## Assumed knowledge

The content of the modules:

## Motivation

• Why can we rely on random samples to provide information about population means?
• Should we worry that different random samples taken from the same population will give different results?
• How variable are sample means obtained from different random samples?
• How can we quantify the uncertainty (imprecision) in the results from a sample?

The module Random sampling discusses sampling from a variety of distributions. In that module, it is assumed that we know the distribution from which the samples are taken. In practice, however, we typically do not know the underlying or parent distribution. We may wish to use a random sample to infer something about this parent distribution. An impression of how this might be possible is given in the module Random sampling , using just visual techniques.

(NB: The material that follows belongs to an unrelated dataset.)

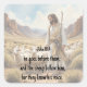 He goes before them; and the sheep follow him, for they know his voice. John 10:4. Beautiful bible scripture with a watercolor style painting of a Jesus as a shepherd with his sheep
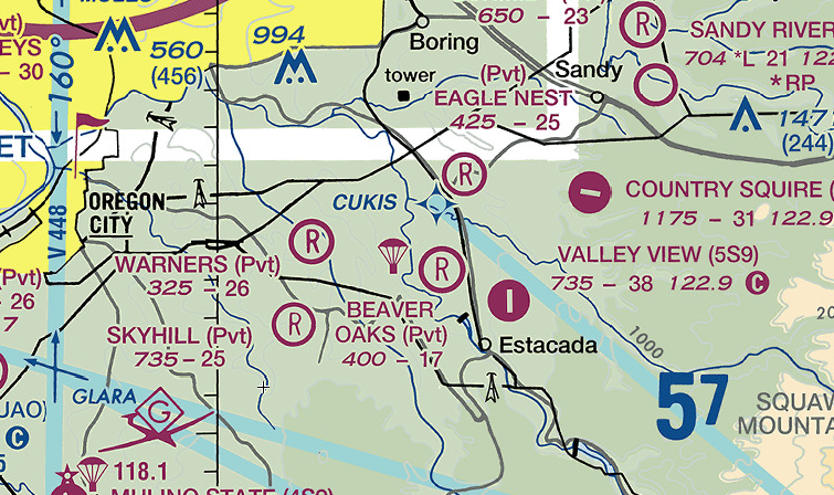 Parachute Jump Aircraft Operations are areas that are used frequently for skydiving by civilian or military operators. Aircraft operators should use caution in these areas and avoid them if possible due to the danger of collision with the aircraft or skydivers. These areas are indicated on sectional charts with a parachute icon as shown in the image below which displays a popular area for skydiving just southeast of Portland, Oregon.

One important inference in many different contexts is about the unknown population mean $$\mu$$. A random sample can be used to provide a point estimate of the unknown population mean: the sample mean $$\bar{x}$$ is an estimate of the population mean $$\mu$$. There will be some imprecision associated with a single point estimate, and we would like to quantify this sensibly.

In this module, we discuss the distribution of the sample mean to illustrate how it serves as a basis for using a sample mean to estimate an unknown population mean $$\mu$$. By considering the approximate distribution of sample means, we can provide a quantification of the uncertainty in an estimate of the population mean. This is a confidence interval for the unknown population mean $$\mu$$.

This provides methods for answering questions like:

• What is our best estimate of the average number of hours per week of internet use by Australian children aged 5–8?
• What is the uncertainty in this estimate of the average number of hours per week of internet use by Australian children aged 5–8?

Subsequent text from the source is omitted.